*ASSIGNMENT*. The answer should hold every line of the listing, unchanged and free of images.

*** DATASET CONTENT ***

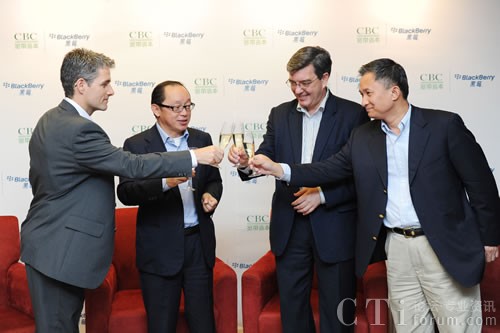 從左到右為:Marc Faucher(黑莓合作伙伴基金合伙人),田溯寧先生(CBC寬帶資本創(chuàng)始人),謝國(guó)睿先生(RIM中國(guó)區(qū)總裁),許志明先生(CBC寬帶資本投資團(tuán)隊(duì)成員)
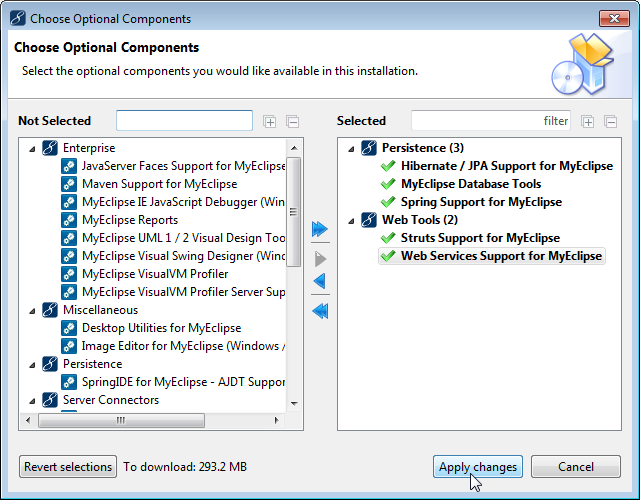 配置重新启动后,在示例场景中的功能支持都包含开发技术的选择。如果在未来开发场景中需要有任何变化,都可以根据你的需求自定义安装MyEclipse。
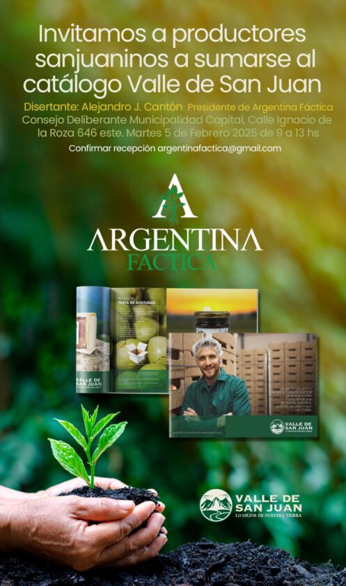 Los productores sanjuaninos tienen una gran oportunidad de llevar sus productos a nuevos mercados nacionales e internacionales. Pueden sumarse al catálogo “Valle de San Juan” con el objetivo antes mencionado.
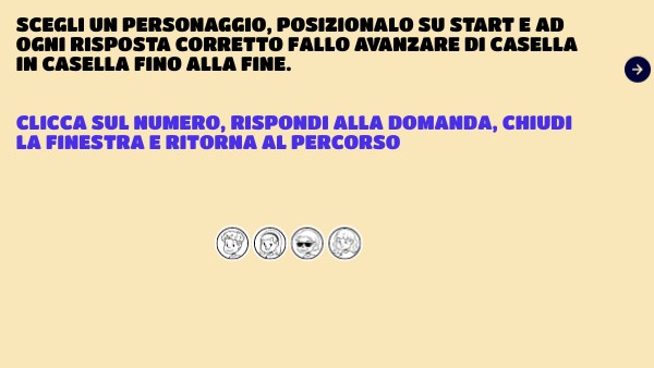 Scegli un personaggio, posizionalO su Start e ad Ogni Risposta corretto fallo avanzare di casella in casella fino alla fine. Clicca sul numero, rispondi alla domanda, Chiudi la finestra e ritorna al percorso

***

*COMPLETED EXERCISE*.
 從左到右為:Marc Faucher(黑莓合作伙伴基金合伙人),田溯寧先生(CBC寬帶資本創(chuàng)始人),謝國(guó)睿先生(RIM中國(guó)區(qū)總裁),許志明先生(CBC寬帶資本投資團(tuán)隊(duì)成員)
 配置重新启动后,在示例场景中的功能支持都包含开发技术的选择。如果在未来开发场景中需要有任何变化,都可以根据你的需求自定义安装MyEclipse。
 Los productores sanjuaninos tienen una gran oportunidad de llevar sus productos a nuevos mercados nacionales e internacionales. Pueden sumarse al catálogo “Valle de San Juan” con el objetivo antes mencionado.
 Scegli un personaggio, posizionalO su Start e ad Ogni Risposta corretto fallo avanzare di casella in casella fino alla fine. Clicca sul numero, rispondi alla domanda, Chiudi la finestra e ritorna al percorso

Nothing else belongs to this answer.